第167話 裏技
「……あ、そうだ。その手があった」
「何かありました田島さん?」
花畑さんが不思議そうに尋ねてくる。
「奥さんを治す方法がありそうです」
「ほ、ほんとですか?!違法なのは止めてくださいね」
「大丈夫です。この方法なら問題ないはずです。ただ奥さんにダンジョンに入ってもらう必要があります」
法律ではアイテムの持ち出しについては厳格に決められている。
持ち出す際はギルドに申請したり、売買についてもいろいろ……
だが、ダンジョン内でのアイテムの譲渡及び使用は規制されていない。
探索者の命を守るためにポーションの受け渡しや装備品の交換などを目的に免除されているからだ。
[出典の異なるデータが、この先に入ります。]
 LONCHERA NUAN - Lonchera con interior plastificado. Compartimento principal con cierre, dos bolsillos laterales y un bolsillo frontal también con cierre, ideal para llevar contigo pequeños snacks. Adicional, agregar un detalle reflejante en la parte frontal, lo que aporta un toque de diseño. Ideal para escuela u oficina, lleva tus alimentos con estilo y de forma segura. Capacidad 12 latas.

イメージとしてはダンジョン外でポーションをまとめ買いして、潜った後にセーフゾーンとかでメンバーに配るのはセーフ的な。
今回は俺が治療薬をもっていないので治療薬を取りに行くところからのスタートになるけどダンジョン内ならセーフだ。
裏技っぽいけど、そこはスルーしていただいて……
治療薬を取ってきてから花畑さんとダンジョンに入るのも手だけど、それだと一度持ち出さないといけないのでギルドに報告しないといけないので治療した後にゴタゴタありそうだからね……
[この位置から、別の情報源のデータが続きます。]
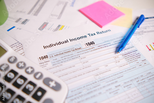 Income tax return 1040 form close up
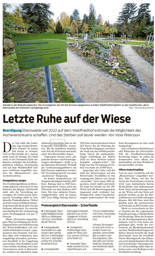 Letzte Ruhe auf der Wiese Seite 13 Freitag, 22. Oktober 2021

「ちょっと奥さんに無理をさせることになるかと思いますけど、いかがですか?」
「……ちょっと検討させてもらいます。すみません」
「いえいえ、こっちこそ家庭内の問題かと思うので首を突っ込んでしまって」
「では、今後の予定なんですけど」
「コラボとかの話でしたっけ。やっぱ大手さんとやるのがいいですかねー」
そんなこんなでその日の打ち合わせは終了。
後日、花畑さんの奥さんから電話があった。
是非挑戦したい、とのことで少し涙ぐまれていた。
体調を考慮して福岡のダンジョンに入ること、無理と感じたらすぐに地上に戻ること2つを決めた。
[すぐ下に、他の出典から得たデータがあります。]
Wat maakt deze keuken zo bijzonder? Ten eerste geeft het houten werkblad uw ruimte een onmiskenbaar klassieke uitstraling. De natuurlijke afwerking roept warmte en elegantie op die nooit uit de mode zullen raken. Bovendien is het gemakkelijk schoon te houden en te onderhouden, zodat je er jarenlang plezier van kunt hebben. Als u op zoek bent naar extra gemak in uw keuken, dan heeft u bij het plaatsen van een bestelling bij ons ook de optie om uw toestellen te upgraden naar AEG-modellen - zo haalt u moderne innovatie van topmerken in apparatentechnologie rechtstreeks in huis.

福岡のダンジョンに入るならギルドに一言言っといた方がいいかな?
福崎さんに連絡しておくかな。
あとうちの奥さんにまた福岡に行くって伝えないとね。
今回は仕事の関係もあって一人でゆっくり熊本に残ってたから次は家族全員で行かないとね。
一応収入はあるからね。
新幹線とか使いやすくなったよ、うん。
ネット予約と1ヶ月前予約は忘れないけどね。